§ **Given material**:
▶

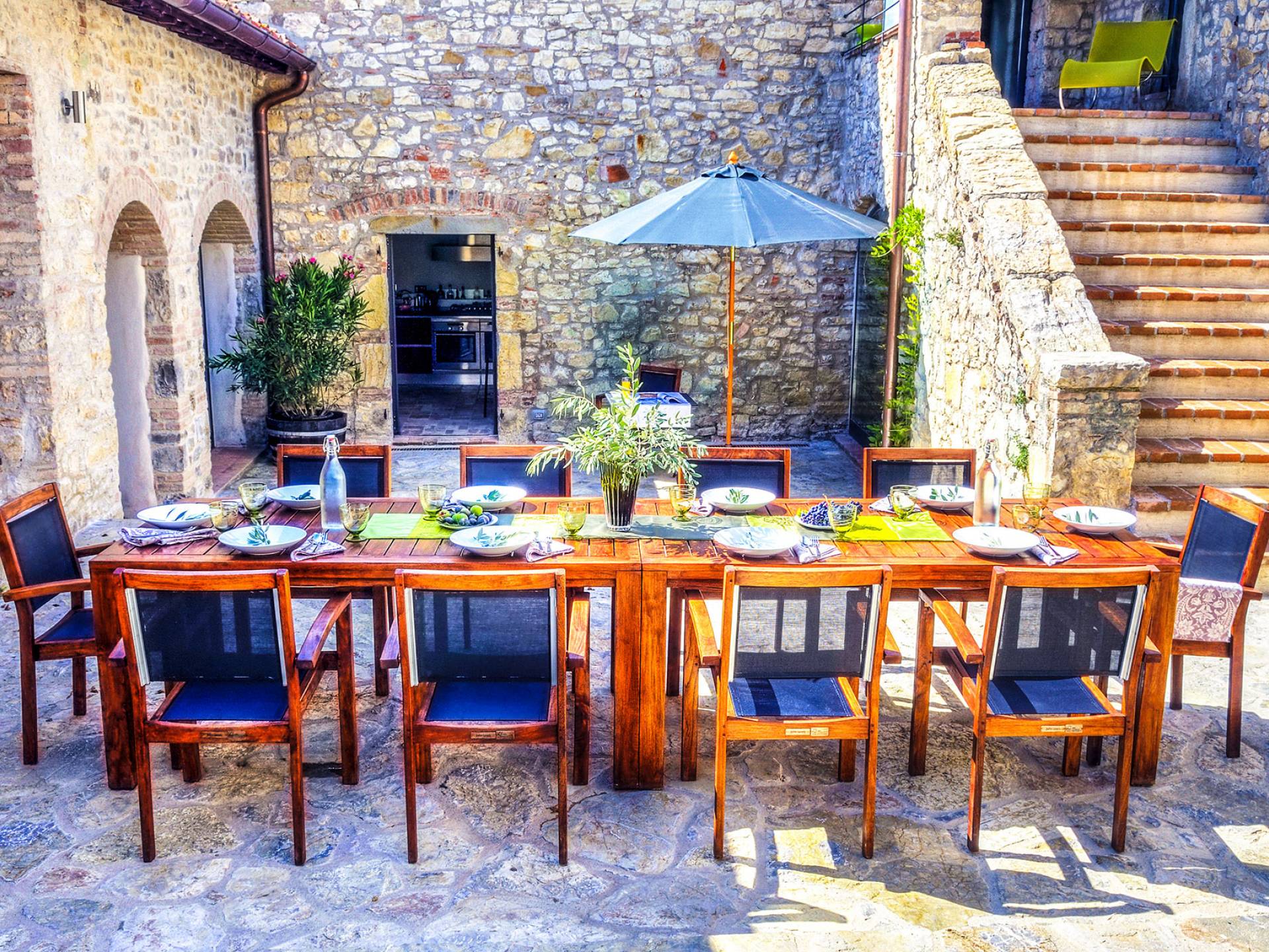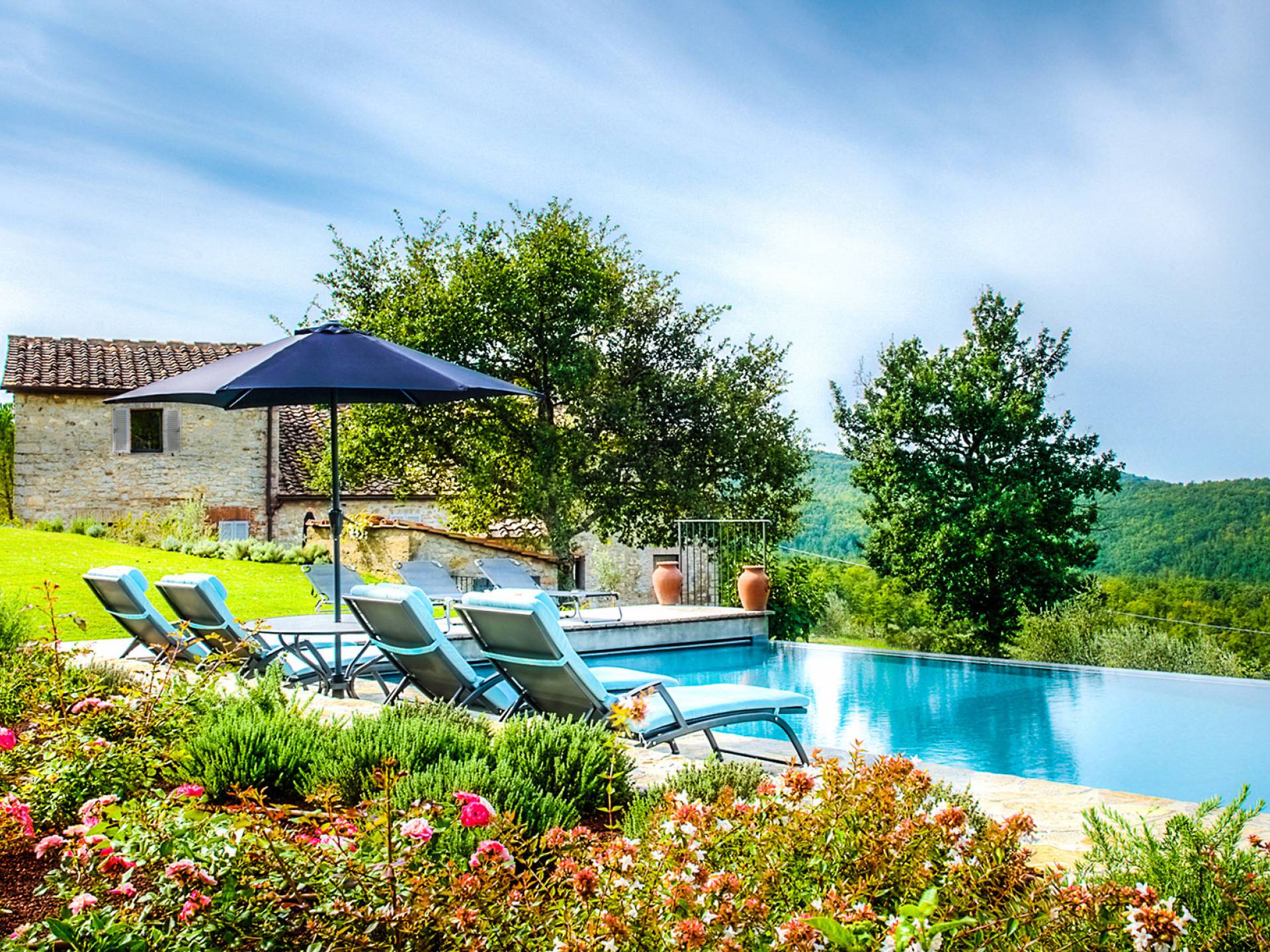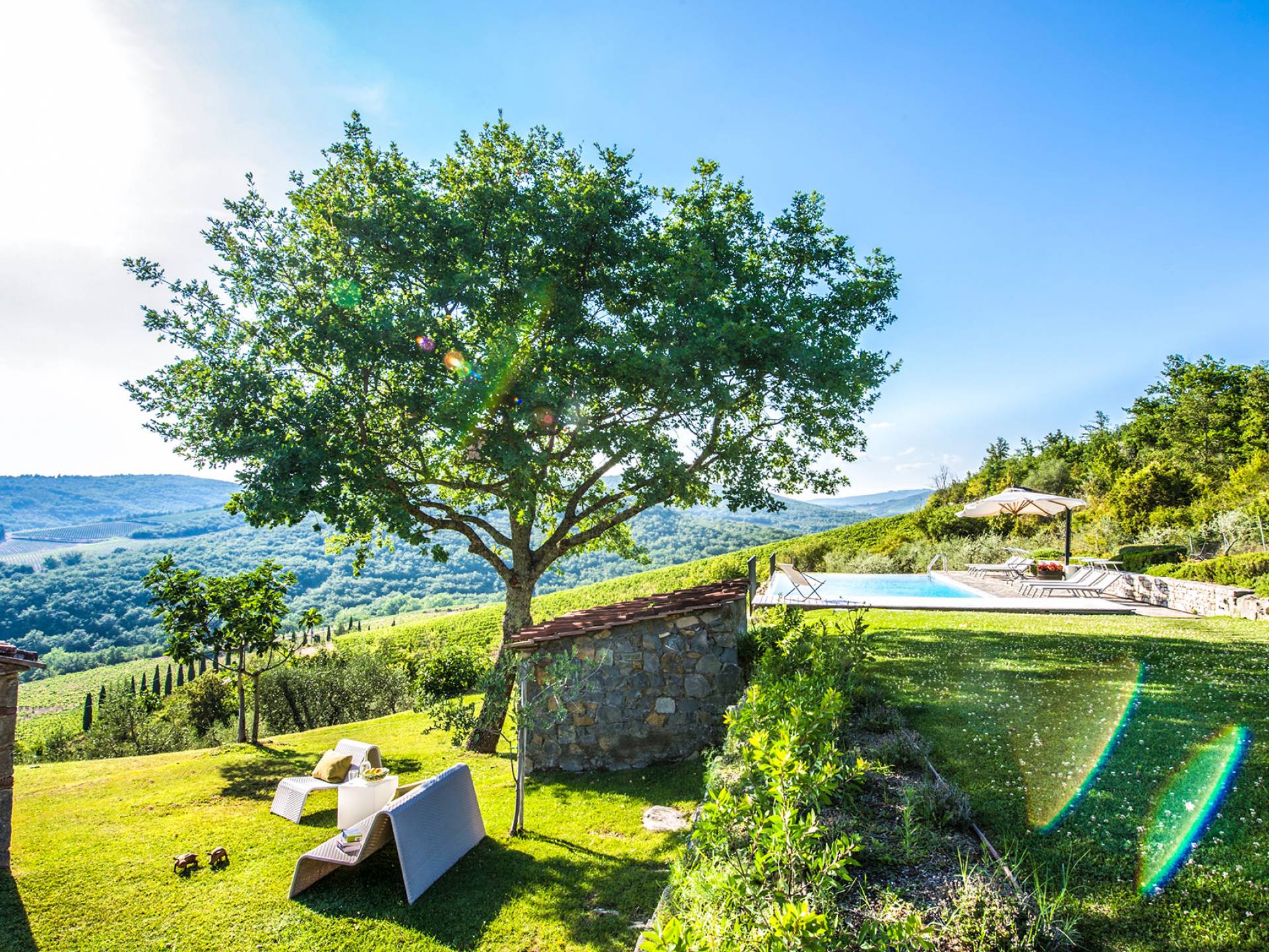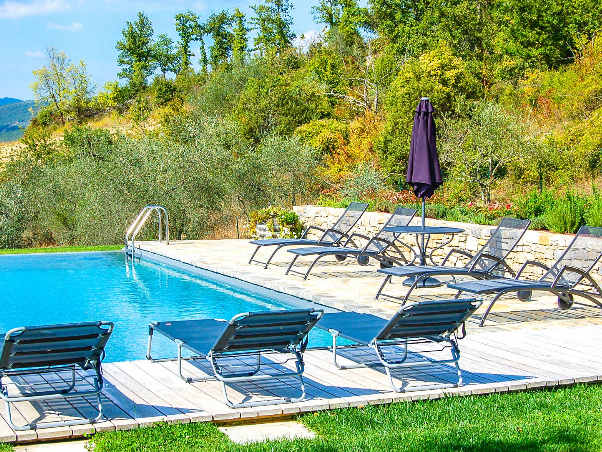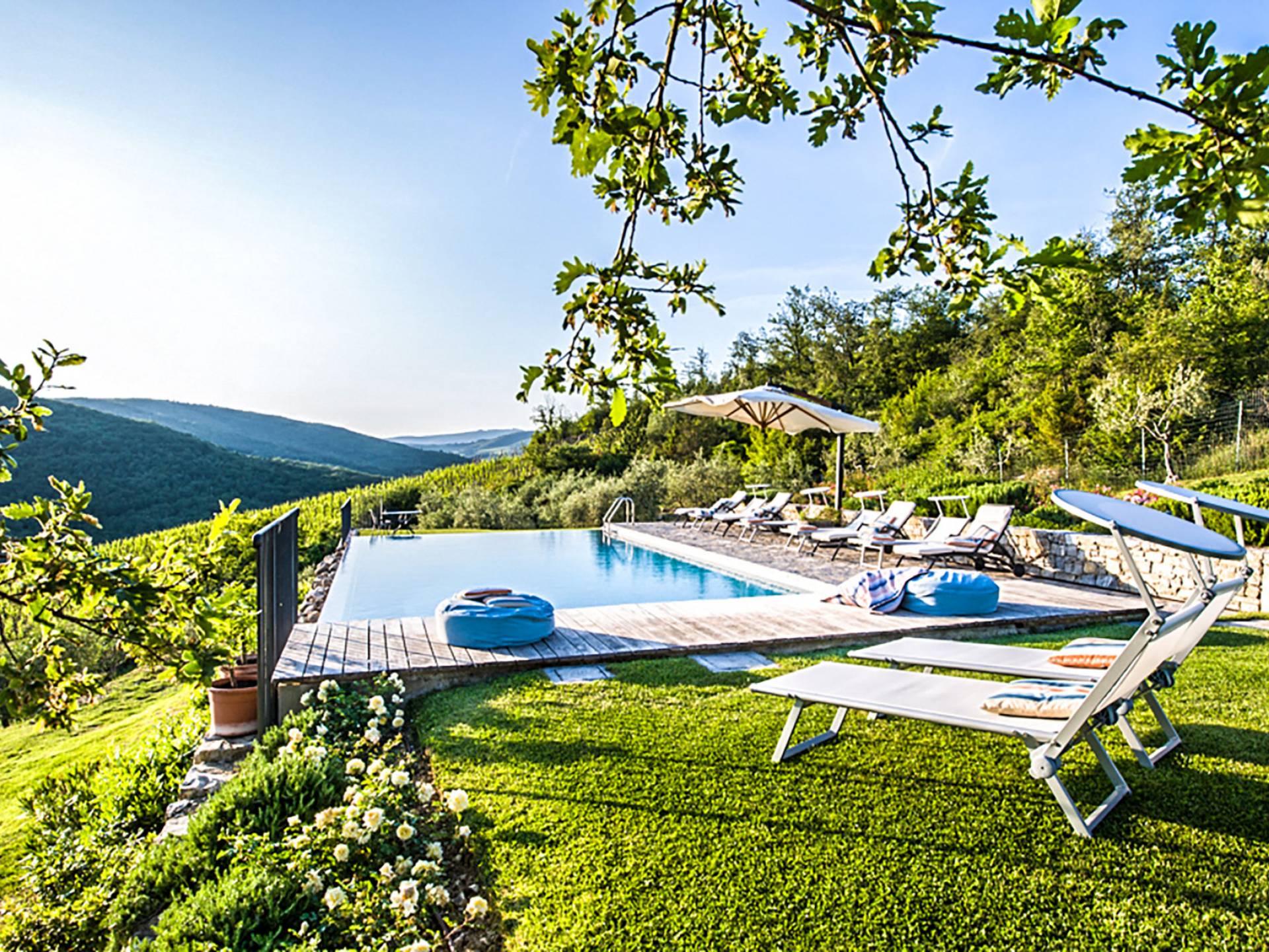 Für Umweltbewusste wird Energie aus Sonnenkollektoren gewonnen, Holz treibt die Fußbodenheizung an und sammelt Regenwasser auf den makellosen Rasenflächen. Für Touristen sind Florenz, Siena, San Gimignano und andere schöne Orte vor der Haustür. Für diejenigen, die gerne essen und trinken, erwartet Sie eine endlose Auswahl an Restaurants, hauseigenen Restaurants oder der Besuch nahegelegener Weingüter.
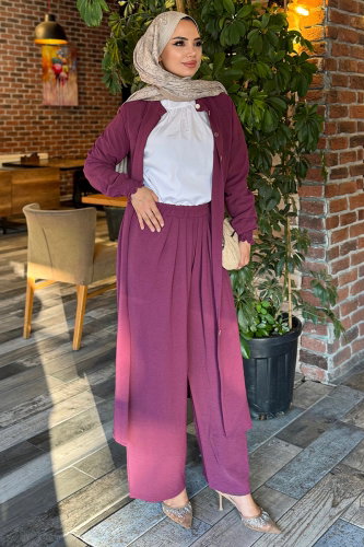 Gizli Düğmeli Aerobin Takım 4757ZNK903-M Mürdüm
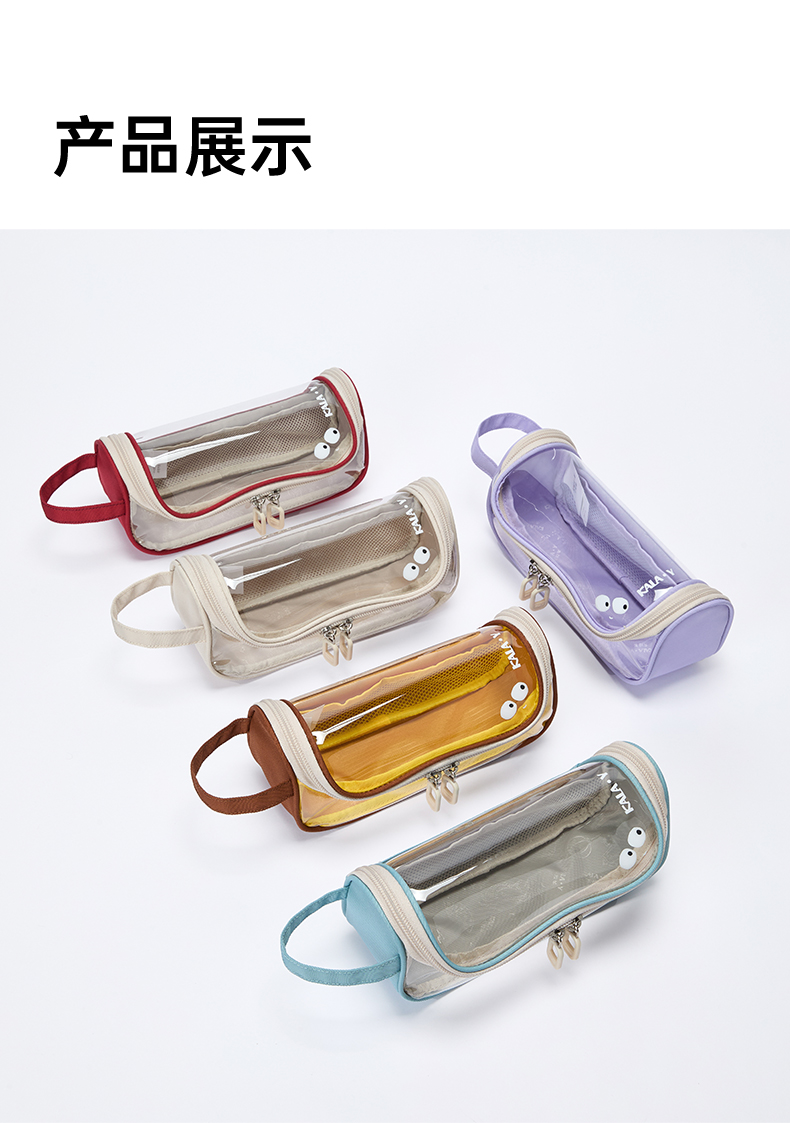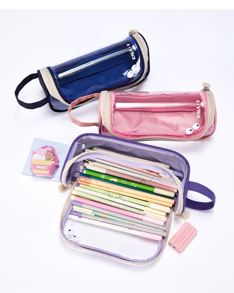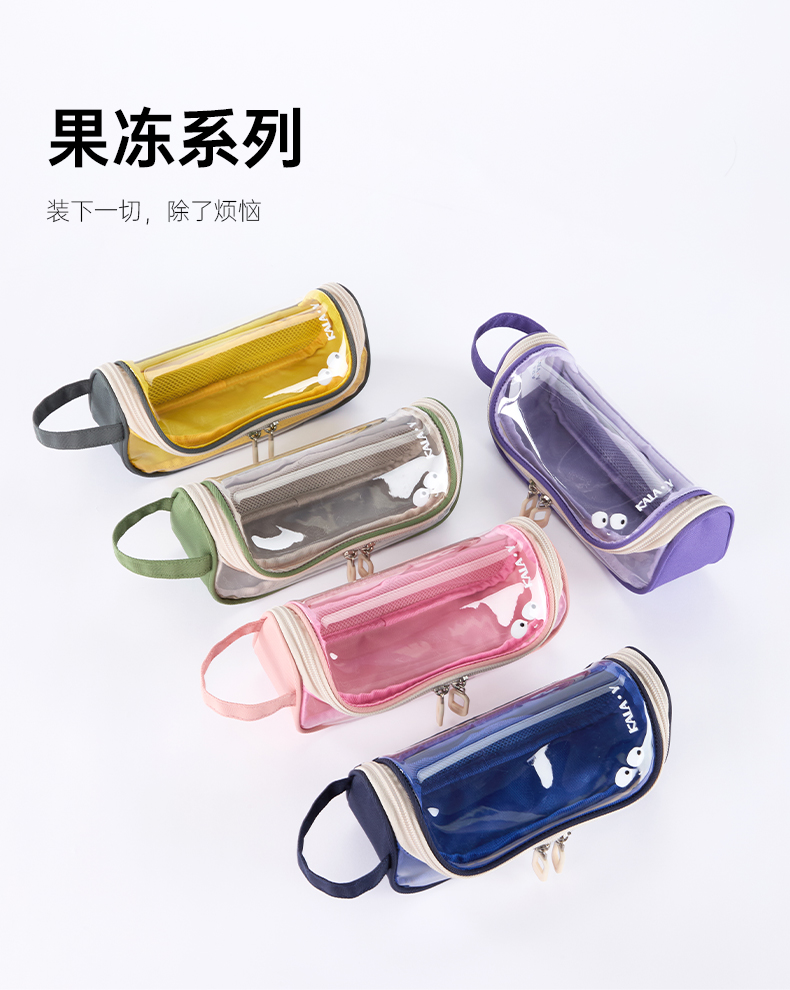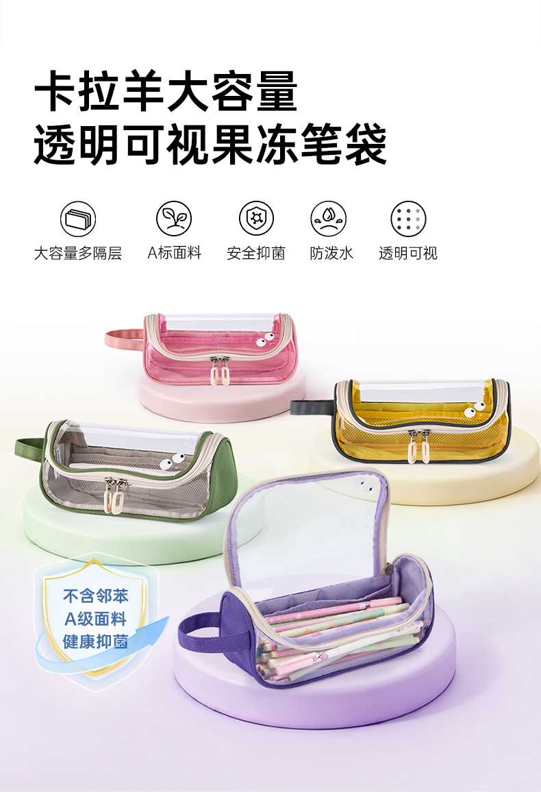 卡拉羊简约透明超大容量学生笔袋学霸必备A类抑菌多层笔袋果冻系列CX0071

◀

§ **Try it**:
Please write every line above out exactly as given, except for any pictures.

§ **Expected answer**:
 Für Umweltbewusste wird Energie aus Sonnenkollektoren gewonnen, Holz treibt die Fußbodenheizung an und sammelt Regenwasser auf den makellosen Rasenflächen. Für Touristen sind Florenz, Siena, San Gimignano und andere schöne Orte vor der Haustür. Für diejenigen, die gerne essen und trinken, erwartet Sie eine endlose Auswahl an Restaurants, hauseigenen Restaurants oder der Besuch nahegelegener Weingüter.
 Gizli Düğmeli Aerobin Takım 4757ZNK903-M Mürdüm
 卡拉羊简约透明超大容量学生笔袋学霸必备A类抑菌多层笔袋果冻系列CX0071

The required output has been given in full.